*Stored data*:

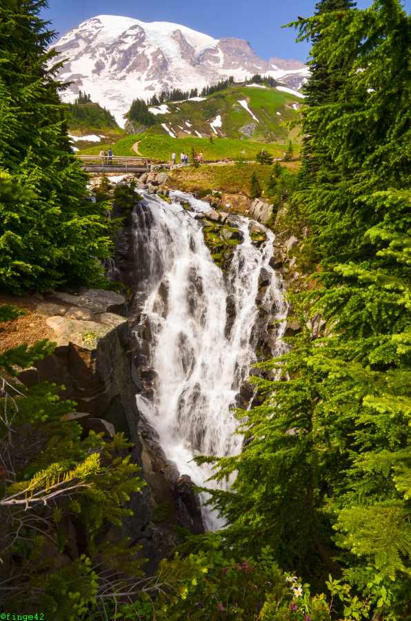Nach einer Ehrenrunde finden wir einen Parkplatz in der Nähe des Visitor Centers in Paradise. Wir haben schon wieder Hunger und gönnen uns einen kleinen Snack aus der Kühlbox, den wir direkt am Auto verdrücken. Dann begeben wir uns auf den Skyline Trail zu den Myrtle Falls.
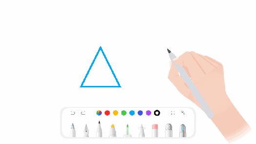 在连续的一笔绘制结束时,手写笔/手指在屏幕上停顿一定时间后,将触发一笔成形功能,该功能会将这一笔绘制内容识别成规整图形,手写套件已默认开启一笔成形功能,您也可以在应用中单独集成一笔成形功能。Pen Kit支持以下图形的识别:
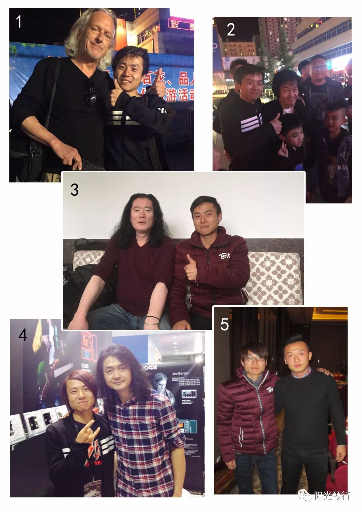 注释:1、阳光琴行马老师与荷兰国宝级爵士鼓大师卢卡斯合影;2、西北鼓王赵牧阳老师与琴行马老师在活动现场;3、左边是“唐朝乐队”鼓手赵年老师,右边是琴行马老师;4、阳光琴行马老师与“唐朝乐队“吉他手陈磊老师在上海;5、“低苦艾”乐队鼓手窦涛与马老师。
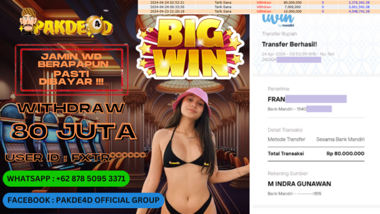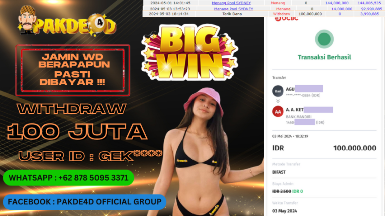 PAKDE4D – Situs Bandar Togel Online, Live Casino dan Slot Online Terpercaya yang terbukti membayar berapapun kemenangan Anda. Jika Anda masih mencari Situs Bandar Terpercaya, jangan ragu untuk bergabung bersama PAKDE4D. Dalam 1 akun Anda bisa menikmati semua permainan yang disediakan dengan minimal deposit hanya Rp. 10.000,- melalui transaksi Bank Lokal Indonesia dan Dompet Digital…
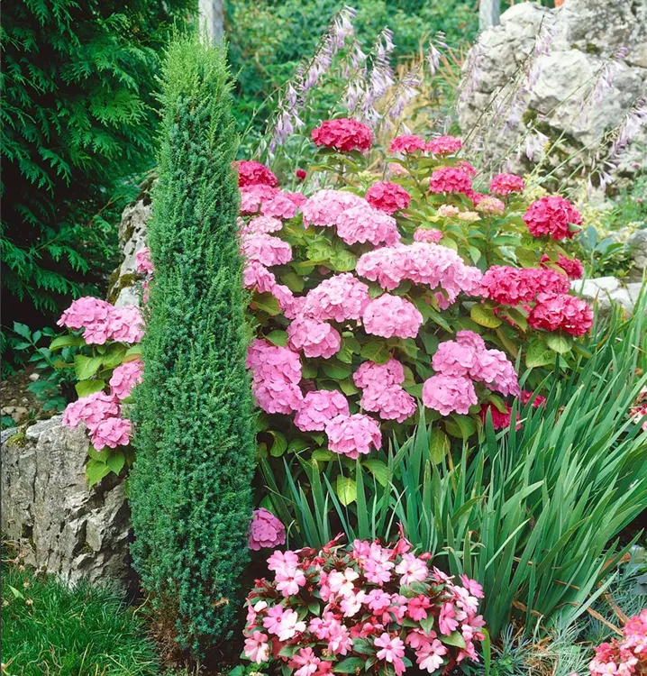Besonders dekorativ sind die schwarz-braunen Zapfen von Juniperus communis. Diese erscheinen ab September.
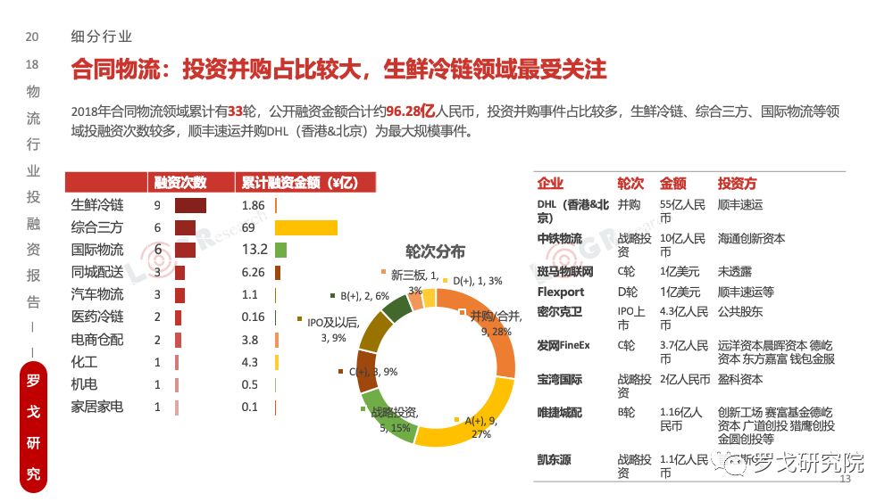 2018年合同物流领域累计有33轮,公开融资金额合计约96.28亿人民币,投资并购事件占比较多,生鲜冷链、综合三方、国际物流等领域投融资次数较多,顺丰速运并购DHL(香港&北京)为最大规模事件。
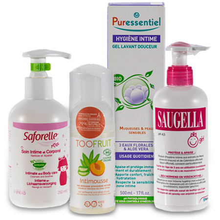 Parmi les produits d’hygiène intime spécialement destinés aux jeunes filles à partir de 2 ou 3 ans, on peut citer Saugella Girl, Saforelle Miss ou TooFruit Intimousse. D’autres se présentent comme des produits pouvant être utilisés aussi bien par les adultes que les enfants à partir de 3 ans, ce qui est le cas du gel lavant douceur Bio Hygiène Intime de Puressentiel.

*REQUIRED WORK*:
What you write must match, line for line, the lines from the one with "2018年合同物流领域累计有" through the last line of the data above, minus the pictures.

*WRITTEN SOLUTION*:
 2018年合同物流领域累计有33轮,公开融资金额合计约96.28亿人民币,投资并购事件占比较多,生鲜冷链、综合三方、国际物流等领域投融资次数较多,顺丰速运并购DHL(香港&北京)为最大规模事件。
 Parmi les produits d’hygiène intime spécialement destinés aux jeunes filles à partir de 2 ou 3 ans, on peut citer Saugella Girl, Saforelle Miss ou TooFruit Intimousse. D’autres se présentent comme des produits pouvant être utilisés aussi bien par les adultes que les enfants à partir de 3 ans, ce qui est le cas du gel lavant douceur Bio Hygiène Intime de Puressentiel.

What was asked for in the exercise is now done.